▶ Working data

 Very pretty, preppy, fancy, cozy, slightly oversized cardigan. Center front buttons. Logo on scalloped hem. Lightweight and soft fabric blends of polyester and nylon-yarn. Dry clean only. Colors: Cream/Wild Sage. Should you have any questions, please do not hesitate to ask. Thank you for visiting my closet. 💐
...
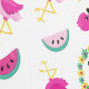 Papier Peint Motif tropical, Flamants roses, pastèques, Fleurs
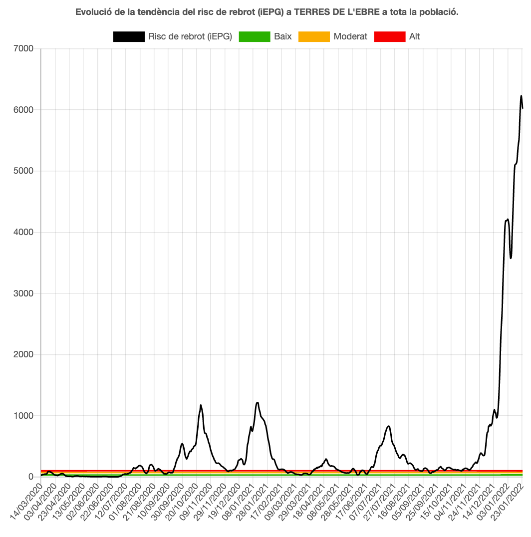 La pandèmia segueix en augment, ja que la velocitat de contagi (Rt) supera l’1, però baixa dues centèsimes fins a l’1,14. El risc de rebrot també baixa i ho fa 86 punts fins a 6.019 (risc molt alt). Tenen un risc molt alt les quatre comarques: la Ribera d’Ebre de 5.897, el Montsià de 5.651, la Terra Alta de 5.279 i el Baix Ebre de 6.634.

▶ What you will do
Your answer must be everything above from the line with "Papier Peint Motif" down to the line with "La pandèmia segueix", word for word, and no pictures.

▶ Answer below
 Papier Peint Motif tropical, Flamants roses, pastèques, Fleurs
 La pandèmia segueix en augment, ja que la velocitat de contagi (Rt) supera l’1, però baixa dues centèsimes fins a l’1,14. El risc de rebrot també baixa i ho fa 86 punts fins a 6.019 (risc molt alt). Tenen un risc molt alt les quatre comarques: la Ribera d’Ebre de 5.897, el Montsià de 5.651, la Terra Alta de 5.279 i el Baix Ebre de 6.634.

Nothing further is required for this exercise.